16 inch chain 60 drivers 7 pin sprocket = 8.52 revolutions

32 inch chain 105 drivers 7 pin sprocket = 15 revolutions

Both cases though 105 cutters pass any given point and they go the same speed.

 

[scotclayshooter]

I hate to be a newbie arguing with a master, but...

Technically, no power is going into accelerating the chain once it has reached a steady speed. Think of it in terms of energy - the sum of the kinetic energy of the entire chain when it is running at a certain speed is a constant - no energy needs to be put into the chain to maintain speed, except for friction. Friction occurs between the links and the bar, and between each link.

Is the :newbie: right?

I think you are underestimating how much the friction of a longer bar affects the saw!

 

[bigjake]

anothrter thing you guys are forgeting is the sproket and gear are different sizes ??????? .Remember we are talking chain speed how many reveloutions
it takes for the chain to make one complete revolution as to the engine rpm??I gues the term ratio wasnt quit right.But you still loose distance covered by the chain per crank revolution.

 

[timberwolf]

I hate to be a newbie arguing with a master, but...

Technically, no power is going into accelerating the chain once it has reached a steady speed. Think of it in terms of energy - the sum of the kinetic energy of the entire chain when it is running at a certain speed is a constant - no energy needs to be put into the chain to maintain speed, except for friction. Friction occurs between the links and the bar, and between each link.

Hold on there grasshoppa

Every time the chain changes direction it is accelerated, at the tip and the rim the chain goes from one direction to 180 deg in the other, this takes power, also each drive link accelerates 4 times on it's own axis once when it enters the tip where each link has zero rotation and then is set into rotation then at the end of the tip wher it must be accelerated from rotating to going straight, same thing then entering and leaving the rim.

Crazy but couple years ago I did up calculations just to figgure out just how much power was lost to acceleration.

 

[bigjake]

To make chain go around once

16 inch chain 60 drivers 7 pin sprocket = 8.52 revolutions

32 inch chain 105 drivers 7 pin sprocket = 15 revolutions

Both cases though 105 cutters pass any given point and they go the same speed.

you just proved what i am saying rpms are time .how can they be the same speed.your saw runs at a given rpm .the smaller chain passes through its whole cycle more in one minute now how can that be the same.

 

[timberwolf]

anothrter thing you guys are forgeting is the sproket and gear are different sizes ???????

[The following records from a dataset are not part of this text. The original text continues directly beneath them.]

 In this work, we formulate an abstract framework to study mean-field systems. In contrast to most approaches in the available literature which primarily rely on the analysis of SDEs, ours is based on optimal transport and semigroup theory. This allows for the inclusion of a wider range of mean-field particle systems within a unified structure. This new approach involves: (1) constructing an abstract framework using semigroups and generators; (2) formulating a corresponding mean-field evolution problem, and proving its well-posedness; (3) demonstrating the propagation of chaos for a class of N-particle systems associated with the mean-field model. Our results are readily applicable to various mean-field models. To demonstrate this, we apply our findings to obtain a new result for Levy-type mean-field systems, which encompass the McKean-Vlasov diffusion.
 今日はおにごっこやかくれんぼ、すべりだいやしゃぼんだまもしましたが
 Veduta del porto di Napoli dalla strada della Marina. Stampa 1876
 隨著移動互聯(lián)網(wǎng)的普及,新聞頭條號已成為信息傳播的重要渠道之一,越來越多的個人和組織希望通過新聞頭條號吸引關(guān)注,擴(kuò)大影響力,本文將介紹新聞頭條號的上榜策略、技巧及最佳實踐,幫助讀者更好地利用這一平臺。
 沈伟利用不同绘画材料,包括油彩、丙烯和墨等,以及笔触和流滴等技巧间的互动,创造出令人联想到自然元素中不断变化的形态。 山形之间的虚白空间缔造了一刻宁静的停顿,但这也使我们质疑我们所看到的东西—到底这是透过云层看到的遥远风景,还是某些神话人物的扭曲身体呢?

The sprocket tip is just an idler, if its say 11 tooth it will tun 7/11 the RPM of the drive geat if it was a 7 pin gear. But still the surface speed is the same.

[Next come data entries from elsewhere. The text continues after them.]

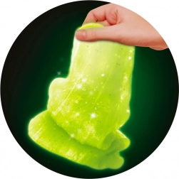 Zrób własnego slime’a. Wsyp proszek do kubeczka, dodaj brokat i figurkę. Wlej wodę do zaznaczonej kreski, zamknij kubeczek i energicznie wstrząśnij mieszaniną. Następnie otwórz kubeczek i odczekaj pięć minut. Slime jest gotowy. Łącz kolory, dodawaj brokat i ciesz się świetną zabawą ze slime’em. Świeci w ciemności. Dla dzieci od 6 lat.
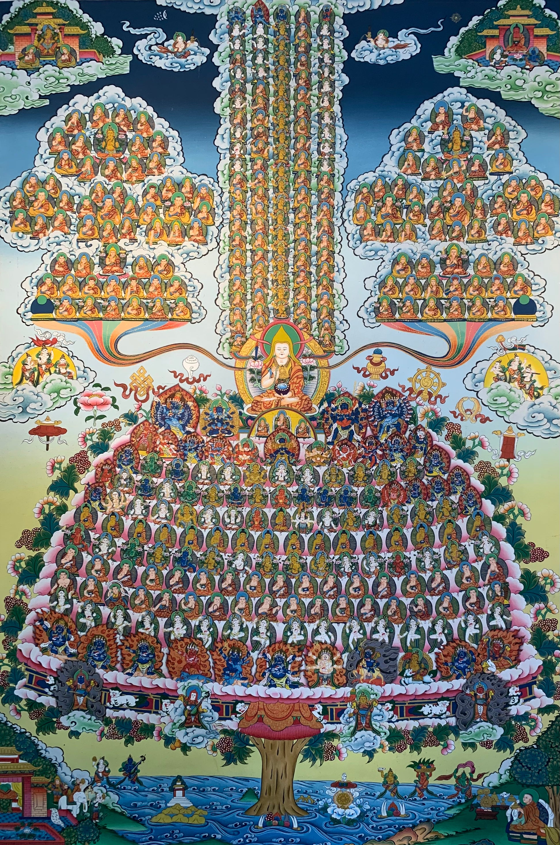 This beautiful hand painted Tibetan thangka depicts Gelug Lineage Refuge Tree.
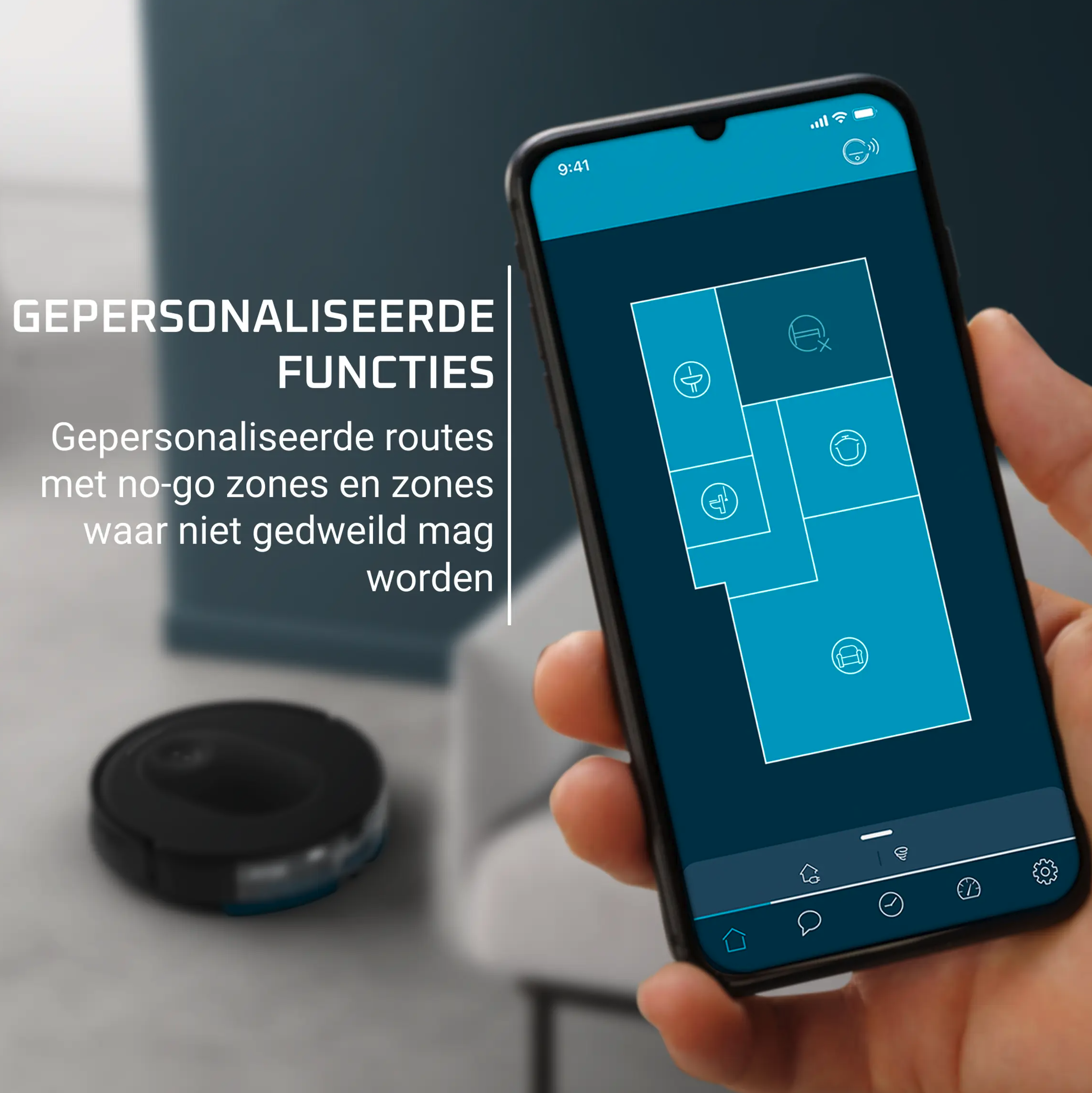Selectie van te reinigen ruimtes: Ja (gepersonaliseerd)
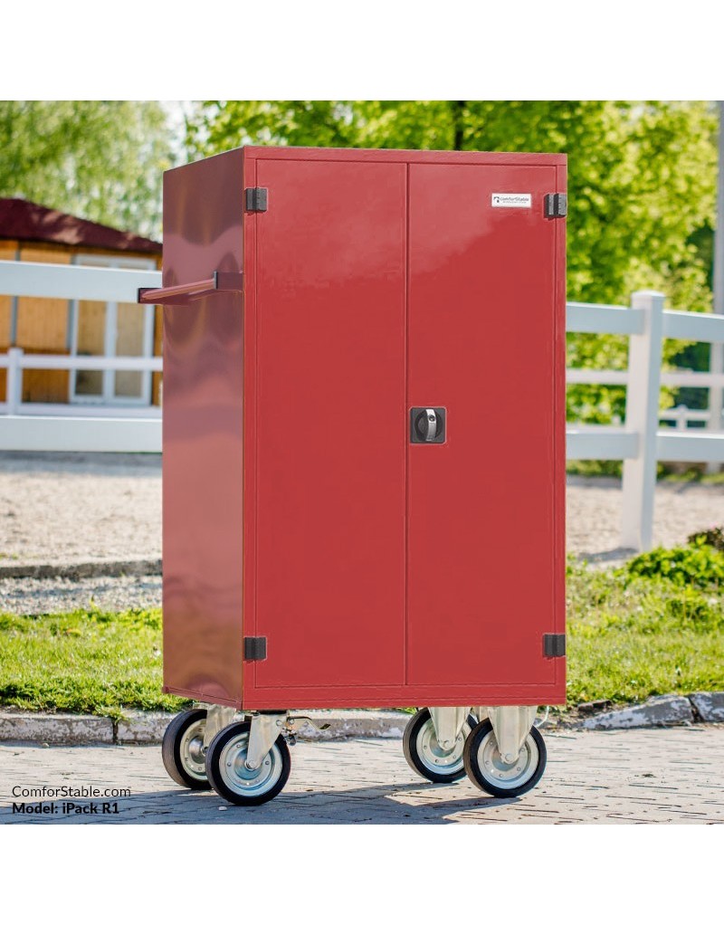 Doskonale przemyślana przez jeźdźców mobilna szafka na siodła skokowe, wszechstronne oraz ujeżdżeniowe. Niezwykle kompaktowa, a jednocześnie pojemna paka, która swobodnie pomieści wszystkie akcesoria dla konia oraz jeźdźca. Jest to produkt z kategorii premium o wysokiej trwałości wykonany ze stali ocynkowanej, malowanej proszkowo, co daje dużą przewagę nad innymi pakami dostępnymi na rynku. iPack R1 jest niezwykle odporna na warunki zewnętrzne, uderzenia i codzienne użytkowanie co zapewnia jej wieloletnią trwałość.

What if we used a hard nose bar, then what? See look at it that way the tip has nothing to do with the chain speed. However a hard nose bar will have more friction and a slower chain speed as the engine will be loaded a little more.

Either way 105 cutters pass a given point in a given period of time and the cutters are a fixed distance apart, speed must be the same if RPM is the same. The fact with a 16 inch chain the chain loop goes around 1.75 times for 15 revolutions of the crank, with a 32 it goes around once. Either way 105 cutters pass any point and if the time is the same then given the rpm is the same the chain speed is the same.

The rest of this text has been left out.